Following a diagnosis of Nasopharyngeal Cancer, your cancer care team will discuss the treatment options, including the possibility of participating in a clinical trial, that are suitable for you.  This is also a good time to consider if you would like a second opinion. 

The most suitable treatment for Nasopharygneal Cancer depends on many things including: 

  • size and location of the cancer
  • whether the cancer has spread
  • personal factors (e.g. age, general health and treatment history)
  • treatments available (and whether any clinical trials are available)
  • your preferences for treatment.
​There are three types of treatment available for nasopharyngeal cancer.

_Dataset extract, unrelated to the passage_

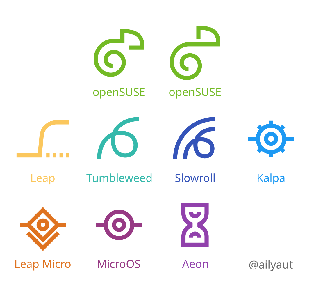 - 在 openSUSE、Tumbleweed、Leap、Slowroll 或 Kalpa 标题下发布 Logo 的 PNG 图片

These include:
  • Radiation therapy
  • Chemotherapy
  • Surgery

Watch a 3D video explainer about Nasopharyngeal Cancer:

2. Radiation Therapy for Nasopharyngeal Cancer

Radiation Therapy is the main treatment for Nasopharyngeal Cancer. 

It uses high-energy waves to destroy or damage cancer cells. The most common radiation therapy approach for Nasopharyngeal Cancer is called external beam radiation. This type of radiation therapy applies radiation from outside the body.

Radiation Therapy may be given using:

  • Intensity Modulated radiation Therapy (IMRT) or Volumetric Arc Therapy (VMAT) or Tomotherapy, which use different ways to deliver radiation very precisely, minimising the radiation that gets to healthy parts of the body surrounding the cancer.

  • Stereotactic radiation therapy which delivers a large and precise dose of radiation in one or a few visits. It can be used as part of radiation therapy to increase the dose of radiation to the nasopharynx cancer. It is sometimes used to treat cancer that has come back.

Radiation Therapy for Nasopharyngeal Cancer can be used definitively or palliatively.
  • Definitive radiation therapy: is the main treatment for nasopharyngeal cancer. It is used without surgery to cure nasopharyngeal cancer. Typically, radiation therapy is delivered daily (but not on weekends) over 7 weeks. Sometimes chemotherapy is added to radiation therapy (chemoradiation) to make it more effective.
  • Palliative radiation therapy: in cases where a cure is not possible, radiation therapy is used to relieve symptoms of advanced nasopharyngeal cancer. Symptoms that may require palliative radiation therapy include pain, bleeding and pressure symptoms from the cancer pressing on vital structures (e.g. visual disturbance and headaches).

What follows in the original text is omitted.